The idea that mobile genetic elements and natural genetic engineering are fundamental to genome evolution dates back to Barbara McClintock's work on what she called "controlling elements" (McClintock 1987). When she compared controlling elements to the recently discovered repressor-operator system of E. coli (McClintock 1961), her interpretation was widely rejected because DNA mobility was not considered important to the short-term regulation of protein synthesis and genome expression. This rejection notwithstanding, her "controlling elements" terminology now appears prescient in light of recent genomic discoveries. She considered mobile genetic elements as "controlling" elements in the genome because they altered the expression patterns of a particular genetic locus when they inserted into it. This is just what evolution needs to rewire genomic networks at times of evolutionary challenge, especially when similar changes have to occur at more than one locus (McClintock 1956).

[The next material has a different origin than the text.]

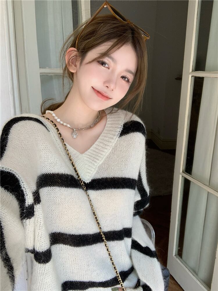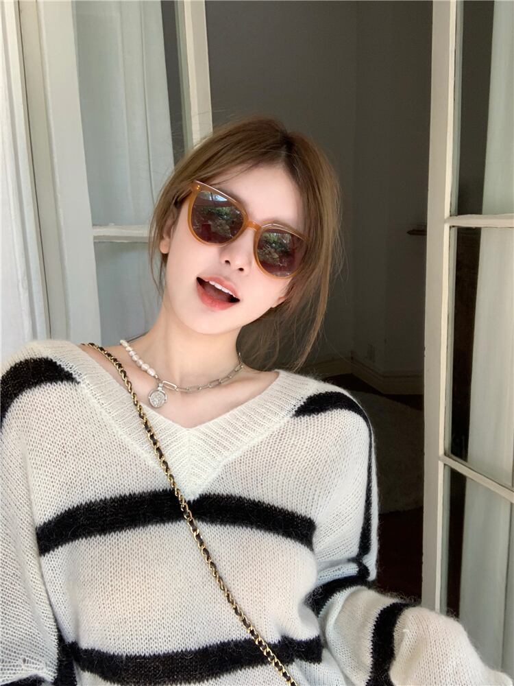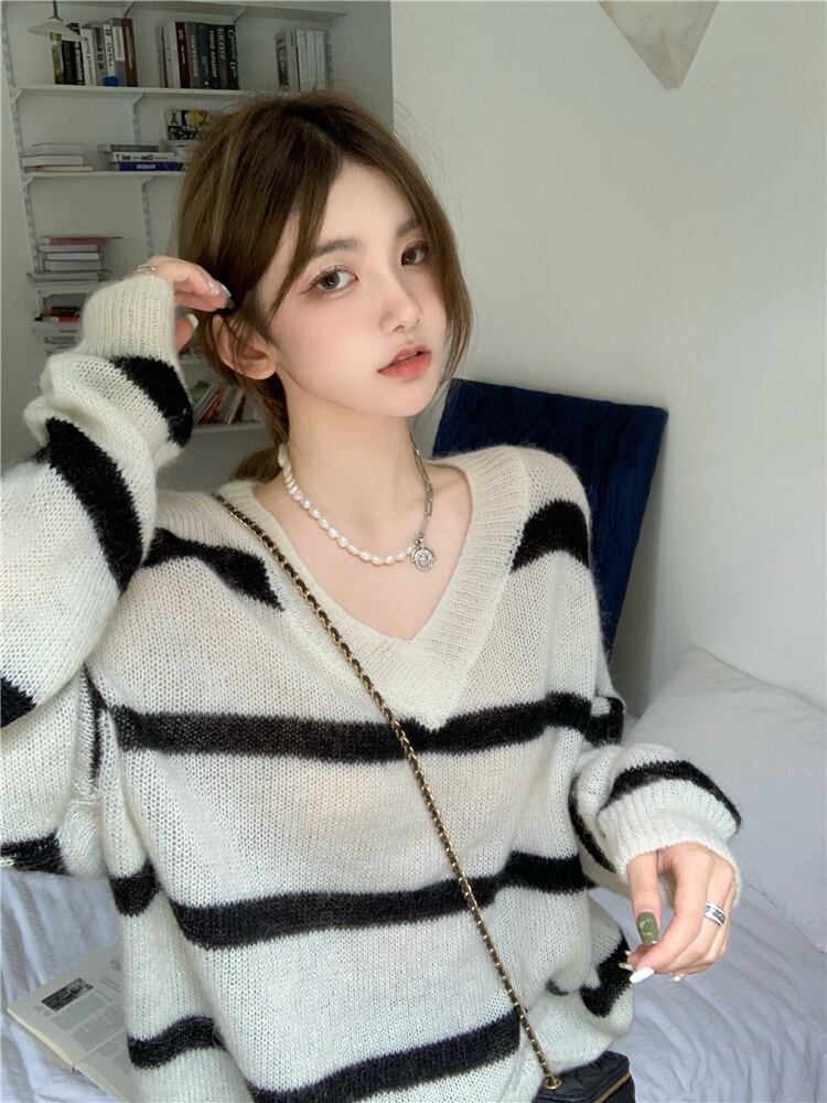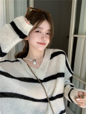 ストライプセーター Vネックオータムウィンタールーズスタンダードカジュアルトップス ロング レトロ 秋物 冬物 香港の味28394953336

There are many eye-opening consequences of the basic role that natural genetic engineering plays in the evolutionary process. We will explore these conceptual changes in future blogs. For the moment, it is deeply satisfying to note that intense genome sequence analysis has validated the work of McClintock and her many followers in the field of mobile genetic elements.

REFERENCES

Gould, S. J. and E. S. Vrba (1982). "Exaptation--a missing term in the science of form." Paleobiology 8(1): 4-15. http://www.jstor.org/stable/2400563 .
Lindblad-Toh, K., M. Garber, et al. (2011). "A high-resolution map of human evolutionary constraint using 29 mammals." Nature 478(7370): 476-482. http://www.ncbi.nlm.nih.gov/pubmed/21993624.
McClintock, B. (1956). "Intranuclear systems controlling gene action and mutation." Brookhaven Symp Biol(8): 58-74. http://www.ncbi.nlm.nih.gov/pubmed/13293421.
McClintock, B. (1961). "Some parallels between gene control systems in maize and in bacteria." American Naturalist 95: 265-277. http://www.jstor.org/stable/2458651.
McClintock, B. (1987). Discovery And Characterization of Transposable Elements: The Collected Papers of Barbara McClintock New York, Garland. ISBN 978-0824013912.